Work required
Go through the listing below and output exactly the line with "- VIDEO GAME", the line with "Each St. Joan", and each line between; omit the rest.

Records for the exercise
>>>

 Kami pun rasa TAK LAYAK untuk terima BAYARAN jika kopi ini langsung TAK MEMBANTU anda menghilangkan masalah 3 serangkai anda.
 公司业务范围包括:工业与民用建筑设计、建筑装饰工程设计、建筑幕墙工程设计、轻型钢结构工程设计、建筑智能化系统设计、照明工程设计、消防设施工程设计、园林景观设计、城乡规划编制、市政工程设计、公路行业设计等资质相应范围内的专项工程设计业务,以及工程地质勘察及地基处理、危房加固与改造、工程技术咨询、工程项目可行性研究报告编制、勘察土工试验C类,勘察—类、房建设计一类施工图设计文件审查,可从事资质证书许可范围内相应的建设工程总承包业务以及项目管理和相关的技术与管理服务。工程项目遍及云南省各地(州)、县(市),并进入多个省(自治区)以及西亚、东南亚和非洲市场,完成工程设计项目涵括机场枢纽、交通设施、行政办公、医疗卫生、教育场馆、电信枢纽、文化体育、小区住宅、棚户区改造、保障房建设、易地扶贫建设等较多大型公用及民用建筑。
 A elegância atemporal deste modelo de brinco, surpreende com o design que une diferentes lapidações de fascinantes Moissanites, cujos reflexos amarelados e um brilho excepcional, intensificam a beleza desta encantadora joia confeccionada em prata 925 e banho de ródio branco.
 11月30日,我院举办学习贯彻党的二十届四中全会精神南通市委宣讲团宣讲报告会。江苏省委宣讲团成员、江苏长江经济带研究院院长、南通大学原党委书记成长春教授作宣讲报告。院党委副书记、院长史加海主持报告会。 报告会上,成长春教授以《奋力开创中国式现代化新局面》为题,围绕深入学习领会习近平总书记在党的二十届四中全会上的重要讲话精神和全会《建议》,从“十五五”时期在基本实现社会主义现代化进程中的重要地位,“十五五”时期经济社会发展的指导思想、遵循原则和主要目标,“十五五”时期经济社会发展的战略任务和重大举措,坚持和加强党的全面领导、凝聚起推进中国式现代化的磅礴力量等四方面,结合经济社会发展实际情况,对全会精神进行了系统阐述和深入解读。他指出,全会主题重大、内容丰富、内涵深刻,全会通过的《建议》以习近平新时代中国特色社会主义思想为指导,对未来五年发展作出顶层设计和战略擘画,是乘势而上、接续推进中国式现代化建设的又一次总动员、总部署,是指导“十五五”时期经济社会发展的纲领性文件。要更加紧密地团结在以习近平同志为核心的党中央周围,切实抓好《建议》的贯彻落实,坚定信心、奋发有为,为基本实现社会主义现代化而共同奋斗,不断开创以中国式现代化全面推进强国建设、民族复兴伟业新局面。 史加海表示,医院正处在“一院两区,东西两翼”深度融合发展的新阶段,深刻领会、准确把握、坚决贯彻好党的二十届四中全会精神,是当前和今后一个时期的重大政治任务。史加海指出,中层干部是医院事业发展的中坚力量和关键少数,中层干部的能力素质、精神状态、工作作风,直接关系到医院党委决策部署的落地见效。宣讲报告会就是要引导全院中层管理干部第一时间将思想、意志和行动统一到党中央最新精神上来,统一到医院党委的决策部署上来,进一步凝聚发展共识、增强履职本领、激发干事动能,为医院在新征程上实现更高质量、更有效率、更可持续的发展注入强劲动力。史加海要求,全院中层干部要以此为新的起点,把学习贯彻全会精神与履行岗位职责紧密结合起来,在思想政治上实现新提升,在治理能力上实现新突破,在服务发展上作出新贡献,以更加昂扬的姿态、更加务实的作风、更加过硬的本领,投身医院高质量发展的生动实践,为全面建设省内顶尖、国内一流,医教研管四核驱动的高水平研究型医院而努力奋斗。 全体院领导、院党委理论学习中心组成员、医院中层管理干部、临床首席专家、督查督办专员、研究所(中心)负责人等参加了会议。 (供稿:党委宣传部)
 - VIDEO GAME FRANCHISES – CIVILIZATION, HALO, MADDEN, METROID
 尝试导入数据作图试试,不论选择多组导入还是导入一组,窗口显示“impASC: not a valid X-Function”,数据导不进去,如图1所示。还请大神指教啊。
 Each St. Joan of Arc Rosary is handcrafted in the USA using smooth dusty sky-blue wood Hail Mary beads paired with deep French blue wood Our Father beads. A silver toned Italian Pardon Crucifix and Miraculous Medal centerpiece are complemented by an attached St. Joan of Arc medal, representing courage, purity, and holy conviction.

<<<
>>>

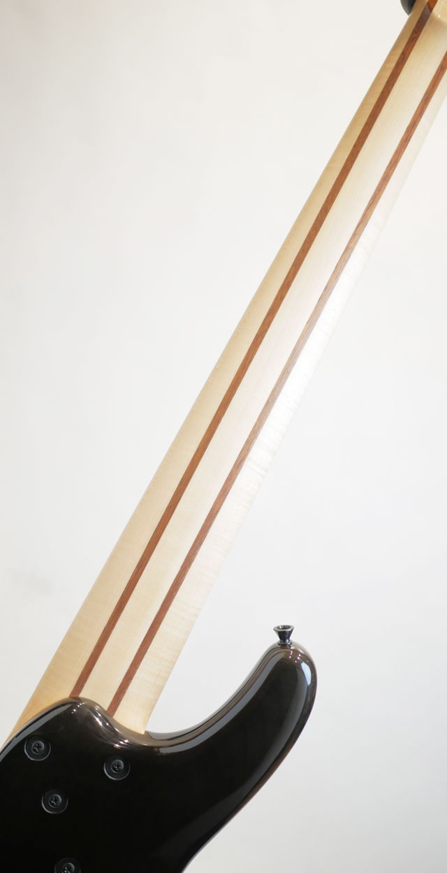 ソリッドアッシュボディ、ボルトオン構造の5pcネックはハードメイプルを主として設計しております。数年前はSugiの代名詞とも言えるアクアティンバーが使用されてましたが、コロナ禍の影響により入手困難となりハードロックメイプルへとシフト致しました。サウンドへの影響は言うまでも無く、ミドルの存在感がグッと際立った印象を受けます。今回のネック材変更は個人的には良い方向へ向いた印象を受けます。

<<<

Written answer
 - VIDEO GAME FRANCHISES – CIVILIZATION, HALO, MADDEN, METROID
 尝试导入数据作图试试,不论选择多组导入还是导入一组,窗口显示“impASC: not a valid X-Function”,数据导不进去,如图1所示。还请大神指教啊。
 Each St. Joan of Arc Rosary is handcrafted in the USA using smooth dusty sky-blue wood Hail Mary beads paired with deep French blue wood Our Father beads. A silver toned Italian Pardon Crucifix and Miraculous Medal centerpiece are complemented by an attached St. Joan of Arc medal, representing courage, purity, and holy conviction.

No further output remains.